» TASK DATA:
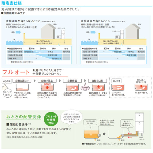 耐塩害仕様で海浜地域の住宅にも設置可能。
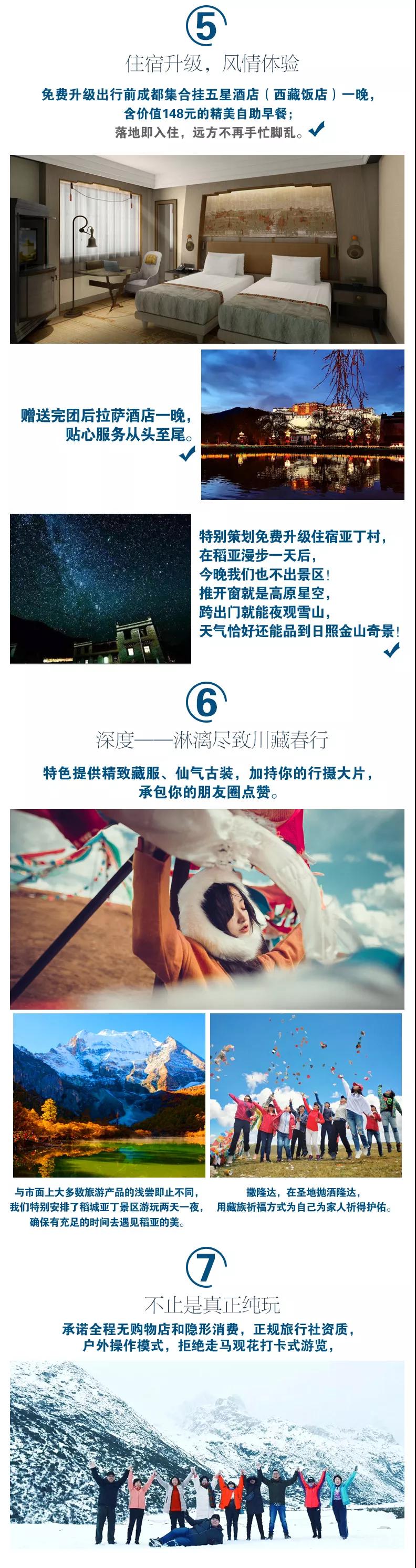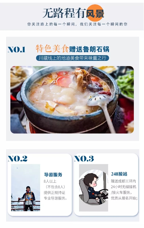 6、贈送:贈送魯朗石鍋雞,地道川藏美食(另外點菜需游客自行支付);贈送戶外禮包旅游三寶、魔術頭巾、礦泉水;贈送提供精致藏服、仙氣古裝,加持你的行攝大片;贈送成都24小時專車接機接站服務,給你最貼心的旅程。(贈送項目不用費用不退)
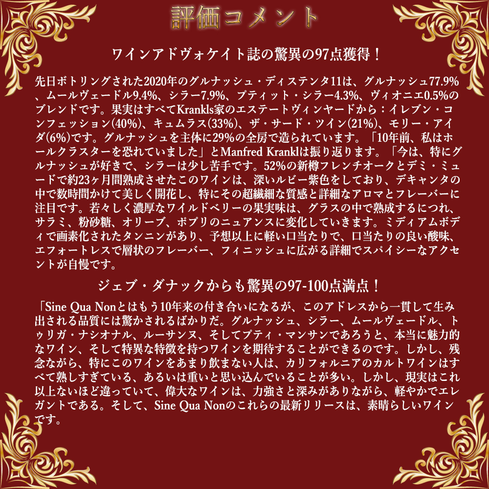 ジェブ・ダナックからも驚異の97-100点満点の高評価のコメントは『「Sine Qua Nonとはもう10年来の付き合いになるが、このアドレスから一貫して生み出される品質には驚かされるばかりだ。グルナッシュ、シラー、ムールヴェードル、トゥリガ・ナシオナル、ルーサンヌ、そしてプティ・マンサンであろうと、本当に魅力的なワイン、そして特異な特徴を持つワインを期待することができるのです。しかし、残念ながら、特にこのワインをあまり飲まない人は、カリフォルニアのカルトワインはすべて熟しすぎている、あるいは重いと思い込んでいることが多い。しかし、現実はこれ以上ないほど違っていて、偉大なワインは、力強さと深みがありながら、軽やかでエレガントである。そして、Sine Qua Nonのこれらの最新リリースは、素晴らしいワインです。』
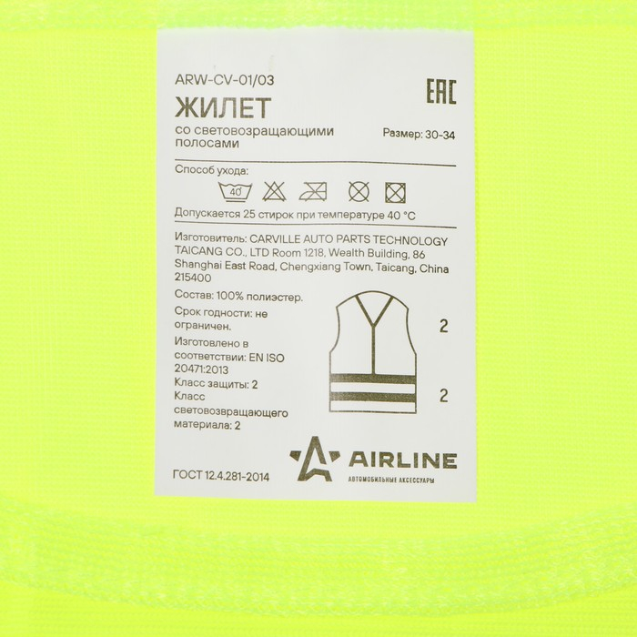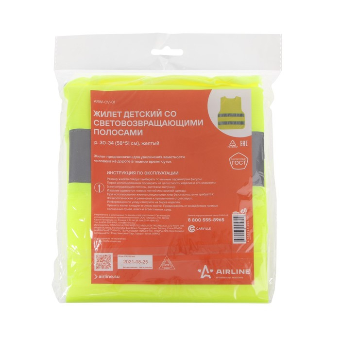 Жилет сигнальный Airline, со светоотражающими полосами, детский, р. 30-34, желтый
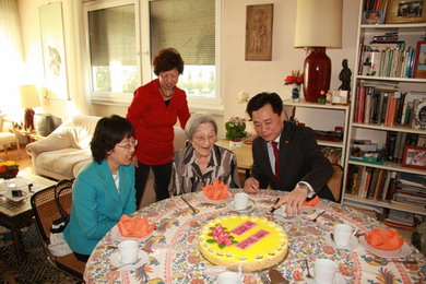 韓女士雖已年逾九十高齡,但精神矍鑠、談吐流利,依然時刻關(guān)注著中國的進步和發(fā)展。在交談中,她衷心感謝吳大使夫婦專程趕來洛桑為其慶生,表示,使館的惦記和關(guān)懷讓她感到無比溫馨。她祝祖國繁榮昌盛,人民幸福安康。
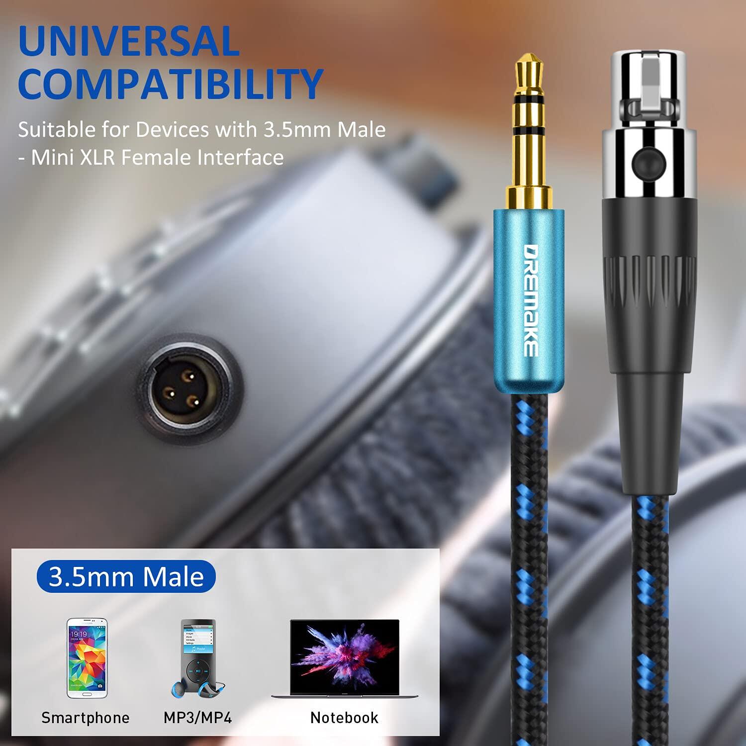 Кабель-переходник DREMAKE 3-контактный Mini XLR на разъем 3,5 мм, стерео аудио 1/8 дюйма TRS 3,5 мм
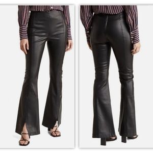 Free People Black Faux Leather Wide Flare Split Leg Pants Womens 31 NWOT
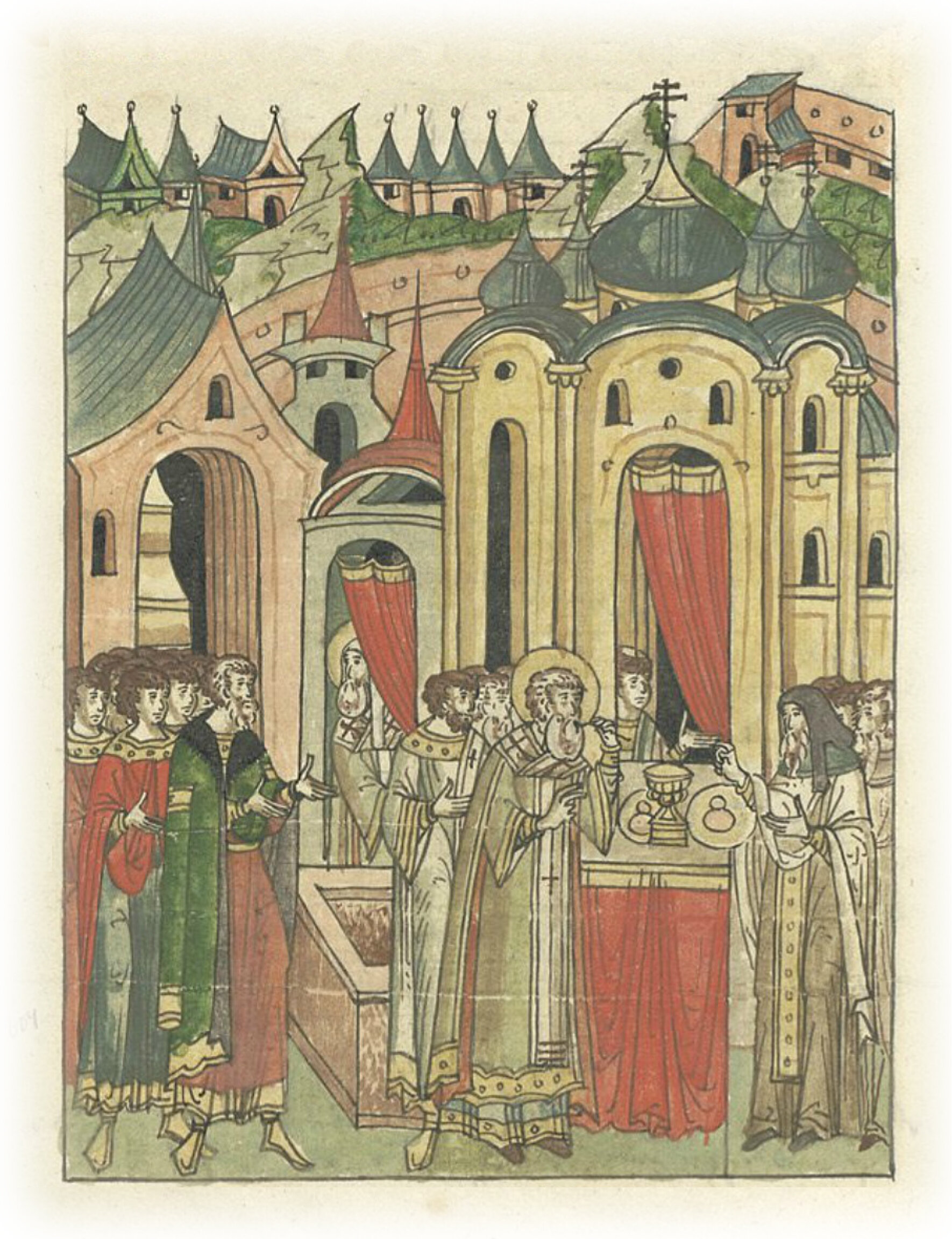 Однажды днем он вошел в церковь и стал совершать божественную службу. Помолившись о православных царях и князьях, и о своем духовном сыне, которого возлюбил, (я говорю о благочестивом князе Иване), и за все множество благочестивых христиан всей Русской земли, помолившись также и об умерших, стал причащаться святых тайн.
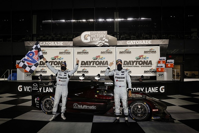Bomarito/Tincknell venceram com 10s168 de vantagem sobre os parceiros de equipe Oliver Jarvis/Tristan Nunes, no Mazda RT24-P #77.

» HOW TO COMPLETE THIS TASK: Return all records verbatim and drop the pictures.

» SOLUTION FOR THIS PROBLEM:
 耐塩害仕様で海浜地域の住宅にも設置可能。
 6、贈送:贈送魯朗石鍋雞,地道川藏美食(另外點菜需游客自行支付);贈送戶外禮包旅游三寶、魔術頭巾、礦泉水;贈送提供精致藏服、仙氣古裝,加持你的行攝大片;贈送成都24小時專車接機接站服務,給你最貼心的旅程。(贈送項目不用費用不退)
 ジェブ・ダナックからも驚異の97-100点満点の高評価のコメントは『「Sine Qua Nonとはもう10年来の付き合いになるが、このアドレスから一貫して生み出される品質には驚かされるばかりだ。グルナッシュ、シラー、ムールヴェードル、トゥリガ・ナシオナル、ルーサンヌ、そしてプティ・マンサンであろうと、本当に魅力的なワイン、そして特異な特徴を持つワインを期待することができるのです。しかし、残念ながら、特にこのワインをあまり飲まない人は、カリフォルニアのカルトワインはすべて熟しすぎている、あるいは重いと思い込んでいることが多い。しかし、現実はこれ以上ないほど違っていて、偉大なワインは、力強さと深みがありながら、軽やかでエレガントである。そして、Sine Qua Nonのこれらの最新リリースは、素晴らしいワインです。』
 Жилет сигнальный Airline, со светоотражающими полосами, детский, р. 30-34, желтый
 韓女士雖已年逾九十高齡,但精神矍鑠、談吐流利,依然時刻關(guān)注著中國的進步和發(fā)展。在交談中,她衷心感謝吳大使夫婦專程趕來洛桑為其慶生,表示,使館的惦記和關(guān)懷讓她感到無比溫馨。她祝祖國繁榮昌盛,人民幸福安康。
 Кабель-переходник DREMAKE 3-контактный Mini XLR на разъем 3,5 мм, стерео аудио 1/8 дюйма TRS 3,5 мм
 Free People Black Faux Leather Wide Flare Split Leg Pants Womens 31 NWOT
 Однажды днем он вошел в церковь и стал совершать божественную службу. Помолившись о православных царях и князьях, и о своем духовном сыне, которого возлюбил, (я говорю о благочестивом князе Иване), и за все множество благочестивых христиан всей Русской земли, помолившись также и об умерших, стал причащаться святых тайн.
Bomarito/Tincknell venceram com 10s168 de vantagem sobre os parceiros de equipe Oliver Jarvis/Tristan Nunes, no Mazda RT24-P #77.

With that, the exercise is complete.